Signed-off-by: Jule Anger <janger at samba.org>
commit 620698353ba0a3d95c28a7ff68ef8ad10f9663bd
Author: Jule Anger <janger at samba.org>
Date: Mon Oct 24 12:26:09 2022 +0200
WHATSNEW: Add release notes for Samba 4.16.6.
Signed-off-by: Jule Anger <janger at samba.org>
commit 5c31d5beb3bed6b28c8d648d889c47e69c16cc8e
Author: Joseph Sutton <josephsutton at catalyst.net.nz>
Date: Wed Oct 12 13:57:33 2022 +1300
CVE-2022-3437 third_party/heimdal: Pass correct length to _gssapi_verify_pad()

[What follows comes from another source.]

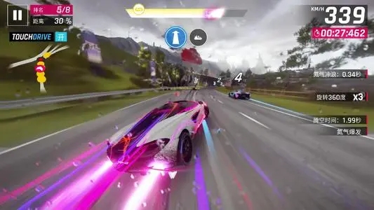 充满氮气棒,释放极致氮气脉冲,获得极致加速,让您的爱车冲破音障!随时双击刹车完成360°机动,以超酷的风格打败你的多人游戏或AI对手,享受你身后的烂摊子!

We later subtract 8 when calculating the length of the output message
buffer. If padlength is excessively high, this calculation can underflow
and result in a very large positive value.
Now we properly constrain the value of padlength so underflow shouldn't
be possible.
BUG: https://bugzilla.samba.org/show_bug.cgi?id=15134
Signed-off-by: Joseph Sutton <josephsutton at catalyst.net.nz>
Reviewed-by: Andrew Bartlett <abartlet at samba.org>
commit 22dd9072c9f964931db931ee0b638a9799e947ca
Author: Joseph Sutton <josephsutton at catalyst.net.nz>
Date: Mon Oct 10 20:33:09 2022 +1300
CVE-2022-3437 third_party/heimdal: Check for overflow in _gsskrb5_get_mech()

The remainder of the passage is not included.